Supplied entries:
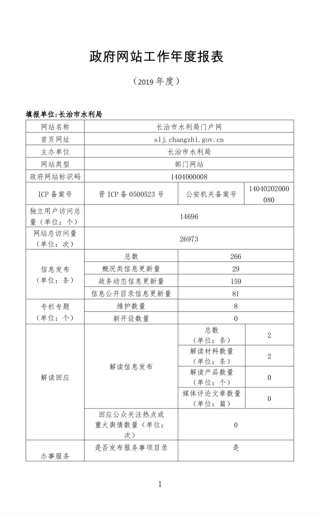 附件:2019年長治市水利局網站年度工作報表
---
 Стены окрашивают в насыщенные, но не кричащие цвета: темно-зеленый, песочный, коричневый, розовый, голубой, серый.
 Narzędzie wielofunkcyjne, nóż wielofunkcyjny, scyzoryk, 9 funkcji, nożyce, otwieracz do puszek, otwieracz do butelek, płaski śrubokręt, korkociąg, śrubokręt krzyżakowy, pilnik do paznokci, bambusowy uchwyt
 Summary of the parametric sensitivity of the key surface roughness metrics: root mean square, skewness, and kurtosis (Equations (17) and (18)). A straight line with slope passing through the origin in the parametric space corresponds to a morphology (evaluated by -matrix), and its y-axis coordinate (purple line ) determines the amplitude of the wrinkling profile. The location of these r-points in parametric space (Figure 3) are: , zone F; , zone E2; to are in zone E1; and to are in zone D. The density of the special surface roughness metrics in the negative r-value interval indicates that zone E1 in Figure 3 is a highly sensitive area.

Task to carry out: Look back at the entries above. Retype the line with "Стены окрашивают в", the line with "Summary of the", and all lines in between.

Solution:
 Стены окрашивают в насыщенные, но не кричащие цвета: темно-зеленый, песочный, коричневый, розовый, голубой, серый.
 Narzędzie wielofunkcyjne, nóż wielofunkcyjny, scyzoryk, 9 funkcji, nożyce, otwieracz do puszek, otwieracz do butelek, płaski śrubokręt, korkociąg, śrubokręt krzyżakowy, pilnik do paznokci, bambusowy uchwyt
 Summary of the parametric sensitivity of the key surface roughness metrics: root mean square, skewness, and kurtosis (Equations (17) and (18)). A straight line with slope passing through the origin in the parametric space corresponds to a morphology (evaluated by -matrix), and its y-axis coordinate (purple line ) determines the amplitude of the wrinkling profile. The location of these r-points in parametric space (Figure 3) are: , zone F; , zone E2; to are in zone E1; and to are in zone D. The density of the special surface roughness metrics in the negative r-value interval indicates that zone E1 in Figure 3 is a highly sensitive area.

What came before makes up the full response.